=== Exercise requirements ===
Write the lines below out exactly, dropping each picture.

=== Input data ===
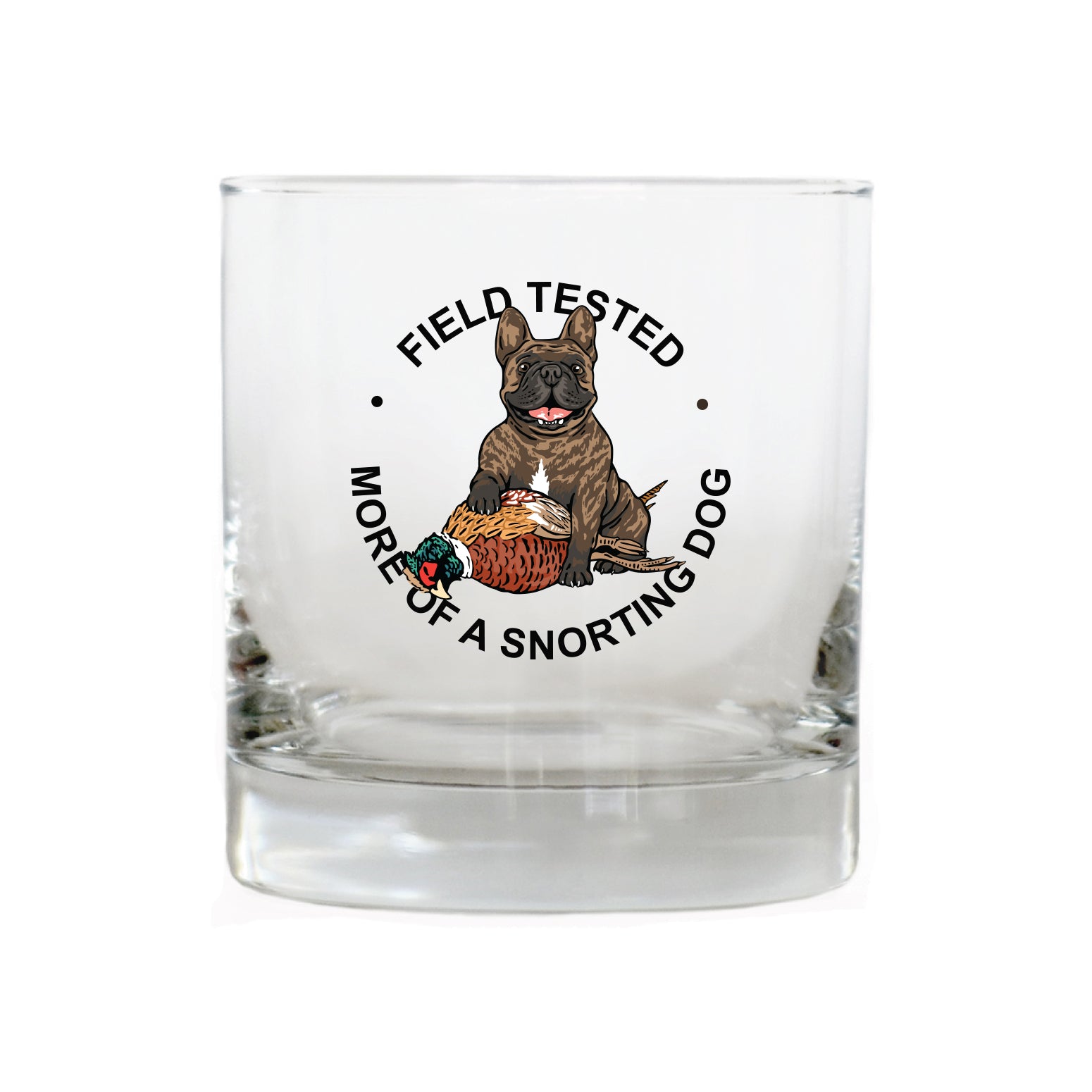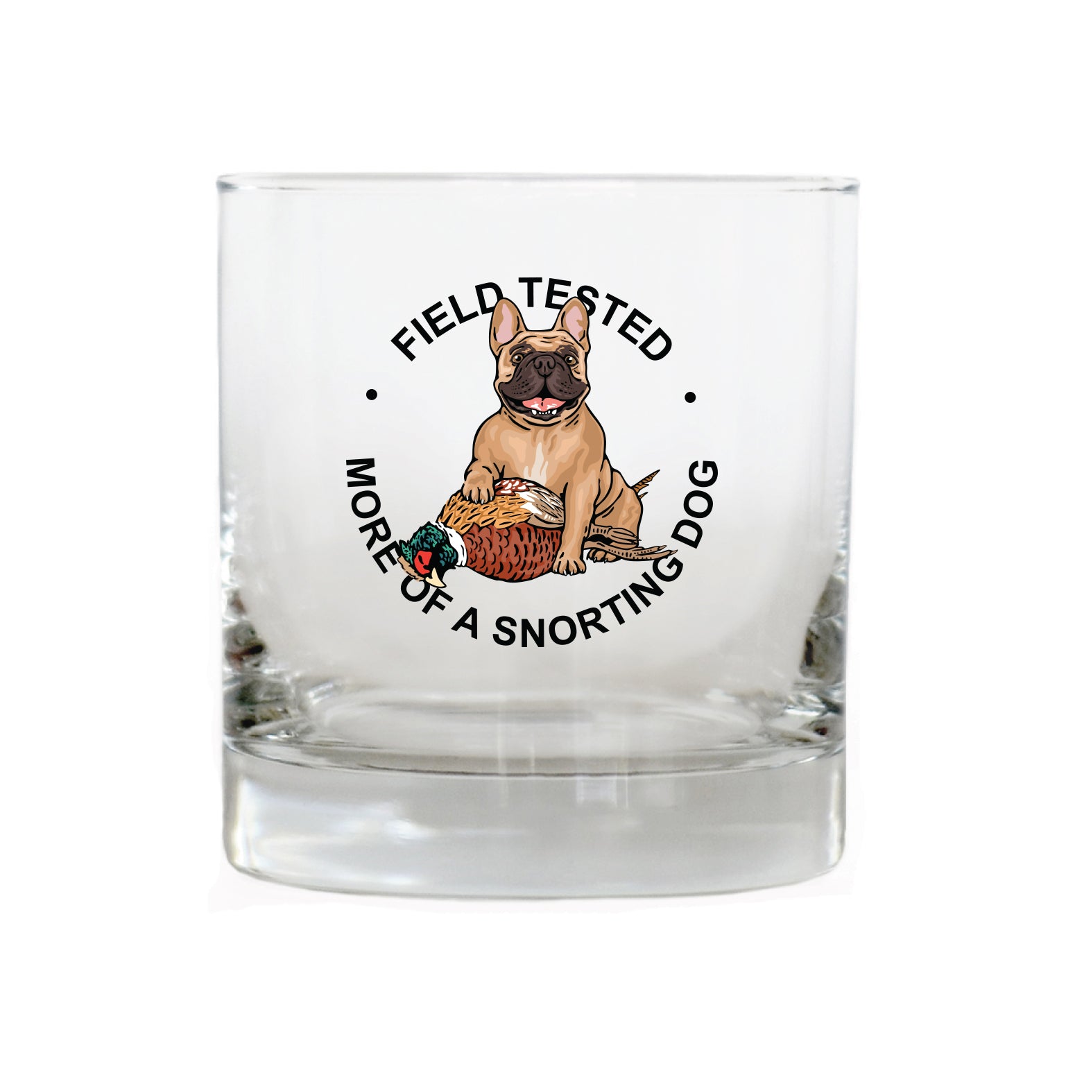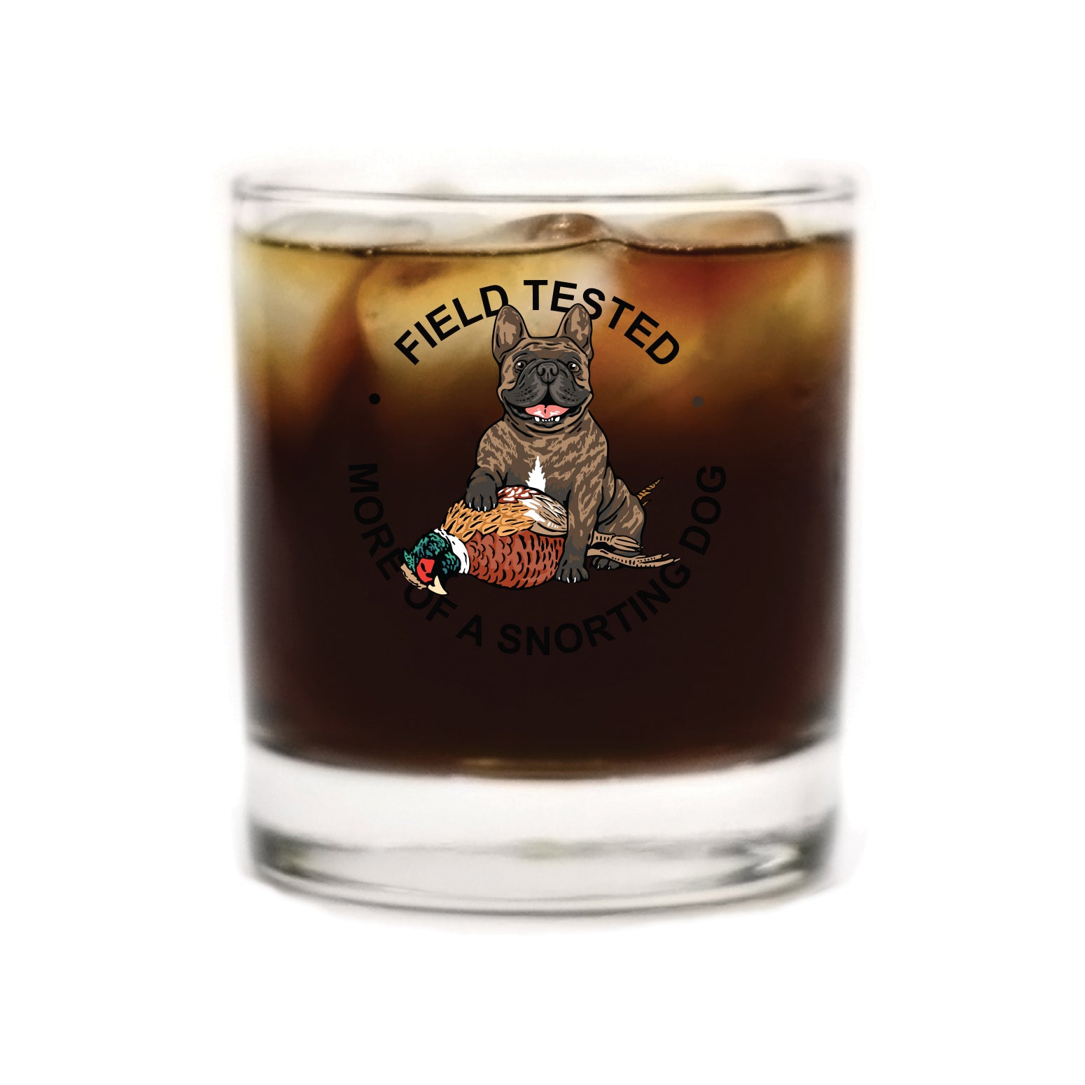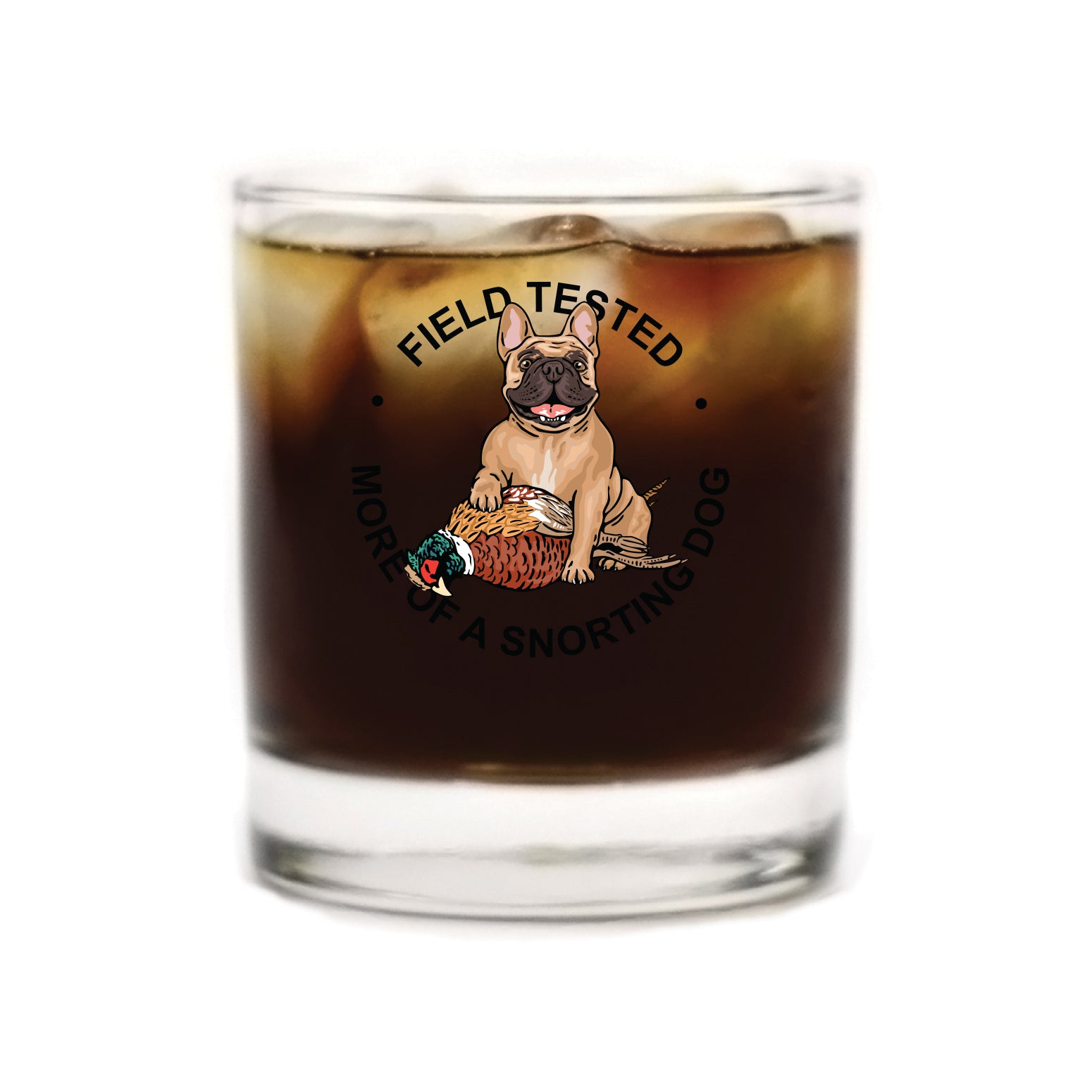 Celebrate your favorite couch companion with this 11oz Hunting French Bulldog Whiskey Glass! This is the perfect gift for anyone who owns this snorting little sidekick (whether they aspire to be a bird dog or not), to add to their own glassware collection or give as a memorable keepsake. Each glass has the "Bird Dog of the Day" logo engraved on the bottom of the glass, resulting in a beautiful surprise as you finish your drink. This lowball whiskey tumbler is perfect for a bourbon Old Fashioned or your favorite top-shelf drink.
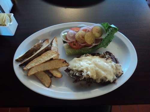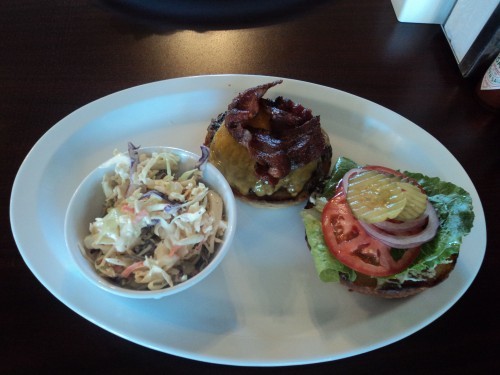 My husband Randy is a big fan of the classic Rueben Sandwich and when he learned that the corned beef is home made on sight, he was sold. Served on soft, fresh baked, homemade dark rye with a pile of wedge cut steak fries; it was a huge meal fit for a king. The sauerkraut was tangy but still mild and the dressing was in perfect proportion, not skimpy or sloppy. I can’t believe he ate the whole thing! I don’t often order much red meat but the burgers at JJ’s Cafe are made from fresh, grass fed, local, Black Angus Beef from Hat Creek Grown LLC, just a few miles down the road. Might as well go all way and top it off with thick, crispy bacon and a wedge of melting cheddar cheese. That was a sinful choice for me so I ordered the coleslaw and sacrificed the fries. Good girl; right? My burger was delicious, more like a quality ground steak, juicy and perfectly spiced, served on a light, perfectly toasted, fresh baked bun. (No store bought breads at JJ’s Cafe!)
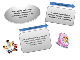 Este documento resume los conceptos clave de la teoría histórico-cultural de Vigotsky. Explica que el aprendizaje es una construcción social permanente del sujeto a través de la apropiación de la cultura en interacción con los demás usando el lenguaje como instrumento. También describe las funciones psíquicas superiores, la zona de desarrollo próximo, el proceso de interiorización y la relación entre aprendizaje, desarrollo y lectura según la teoría de Vigotsky.

=== Answer section ===
 Celebrate your favorite couch companion with this 11oz Hunting French Bulldog Whiskey Glass! This is the perfect gift for anyone who owns this snorting little sidekick (whether they aspire to be a bird dog or not), to add to their own glassware collection or give as a memorable keepsake. Each glass has the "Bird Dog of the Day" logo engraved on the bottom of the glass, resulting in a beautiful surprise as you finish your drink. This lowball whiskey tumbler is perfect for a bourbon Old Fashioned or your favorite top-shelf drink.
 My husband Randy is a big fan of the classic Rueben Sandwich and when he learned that the corned beef is home made on sight, he was sold. Served on soft, fresh baked, homemade dark rye with a pile of wedge cut steak fries; it was a huge meal fit for a king. The sauerkraut was tangy but still mild and the dressing was in perfect proportion, not skimpy or sloppy. I can’t believe he ate the whole thing! I don’t often order much red meat but the burgers at JJ’s Cafe are made from fresh, grass fed, local, Black Angus Beef from Hat Creek Grown LLC, just a few miles down the road. Might as well go all way and top it off with thick, crispy bacon and a wedge of melting cheddar cheese. That was a sinful choice for me so I ordered the coleslaw and sacrificed the fries. Good girl; right? My burger was delicious, more like a quality ground steak, juicy and perfectly spiced, served on a light, perfectly toasted, fresh baked bun. (No store bought breads at JJ’s Cafe!)
 Este documento resume los conceptos clave de la teoría histórico-cultural de Vigotsky. Explica que el aprendizaje es una construcción social permanente del sujeto a través de la apropiación de la cultura en interacción con los demás usando el lenguaje como instrumento. También describe las funciones psíquicas superiores, la zona de desarrollo próximo, el proceso de interiorización y la relación entre aprendizaje, desarrollo y lectura según la teoría de Vigotsky.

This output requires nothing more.